The featured image is the 1808 Butts Set version of William Blake’s “Satan Watching the Endearments of Adam and Eve.” Blake illustrated many of Milton’s works and illustrated Paradise Lost three times, commissioned by three different patrons. The color scheme is slightly different between the Thomas, Butts, and Linnell illustration sets. I prefer the Butts. I love this image. In it, I see Adam relegated to a supporting actor, a prop like a lamp sitting stage left to illuminate the real action between Satan and Eve. I feel empathy for Satan, want to ease his loneliness and forgive him for his unbridled ambition, as he hurdles himself tragically into the figure of the serpent to seduce Eve. I identify with Eve, identify with her desire for more, see through her eyes as they look beyond the immediacy of the sexual act and search for transcendence, the temptation that ultimately leads to her fall. The pain we all go through as we wise into acceptance, and learn how to love. 
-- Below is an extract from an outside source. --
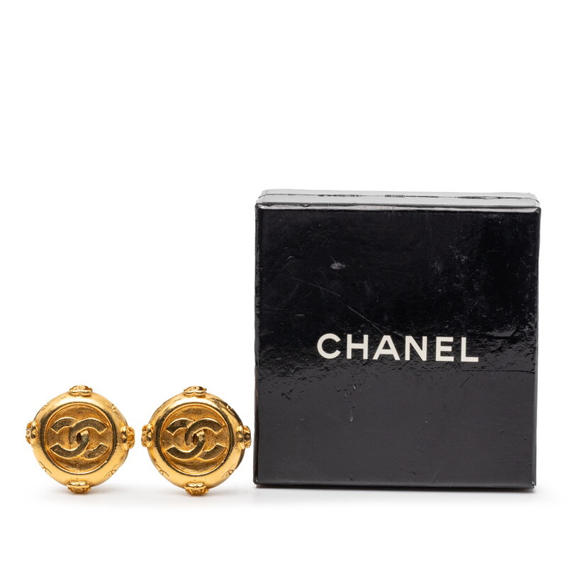Chanel COCOmark Earrings, Gold PlatedCHANELBrand: CHANELTarget: Women'sColor: GoldLine: COCOmarkMaterial: PlatedSize: Approx. 25.6mm x 25.8mmSize cannot be changedAccessories: Storage boxCondition:Condition Rank: ABOverall: Slight verdigris, slight looseness in metal fittings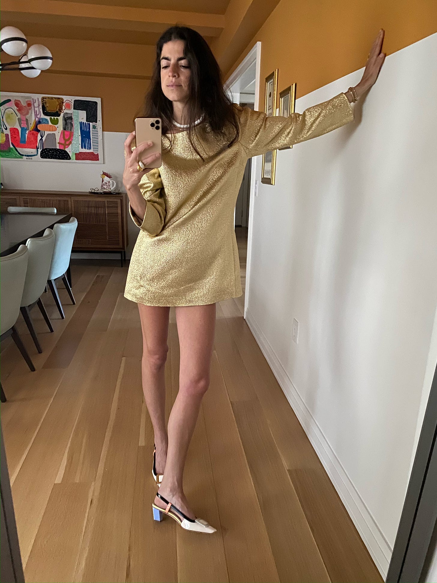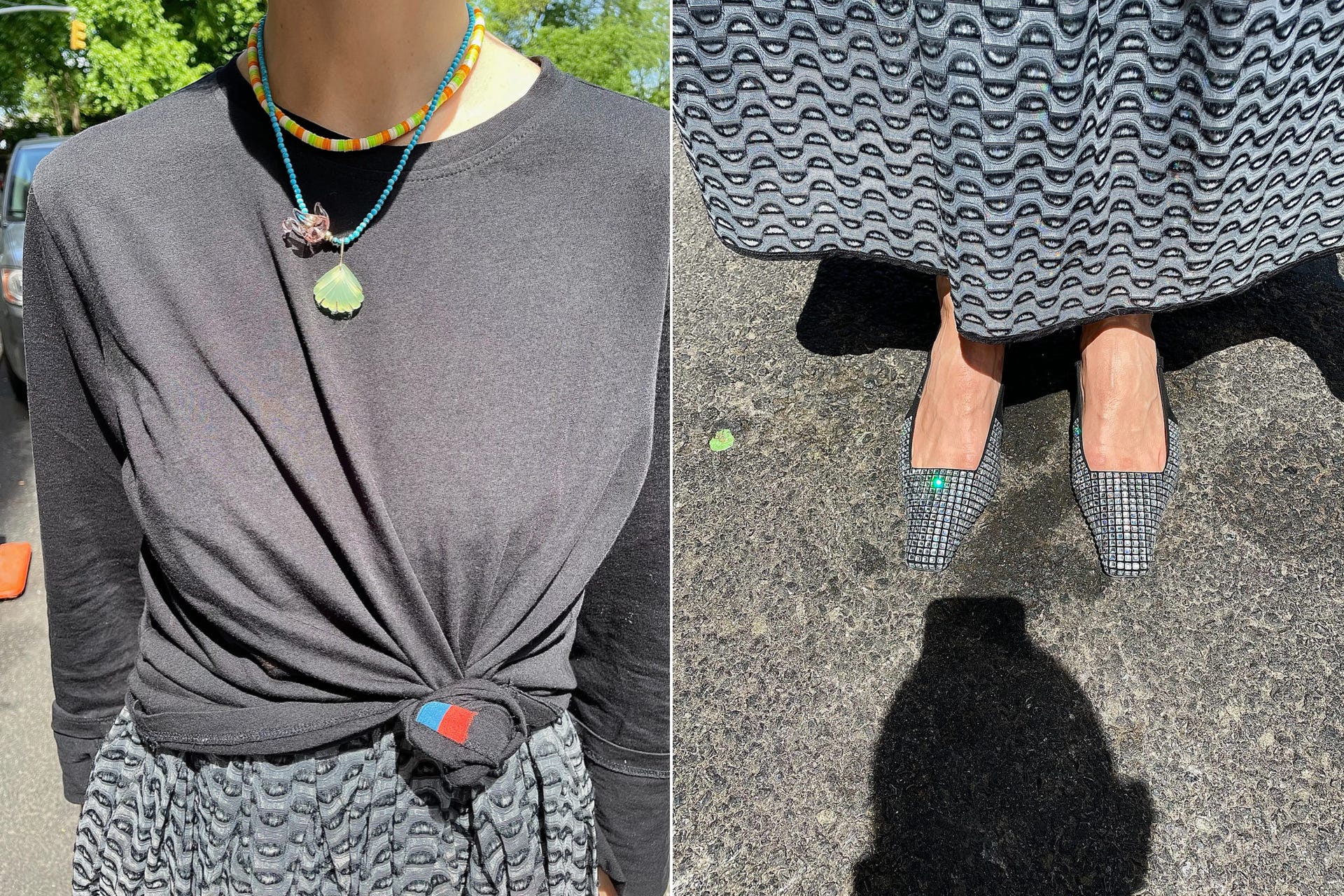 The trick with the leggings is to aim for a lightweight pair (mine are from Manola, on sale rn for $42) so that you don’t shvitz too much in the thigh area, and to that point, by the way, this is a great chafing solve! For the shoes I’d recommend either a slingback (like these) or open-toe mules (the pictured are Bettina Vermillon x Emili Sindlev; these are from Asos) so that your ankles can display their sex appeal.

Screen Shot 2018-06-03 at 8.22.32 AM
Blake’s image reminds me of this masterful kissing scene in Antonioni’s L’Avventura (1960)The scene focuses on Monica Vitti, rendering Gabriele Ferzetti an instrument for her pleasure and her interior movement between resistance and indulgence. Antonioni takes the ossified paradigm of the male gaze and pushes it, exposing how culture can suffocate instinct as we observe Vitti abandon herself momentarily to her desire.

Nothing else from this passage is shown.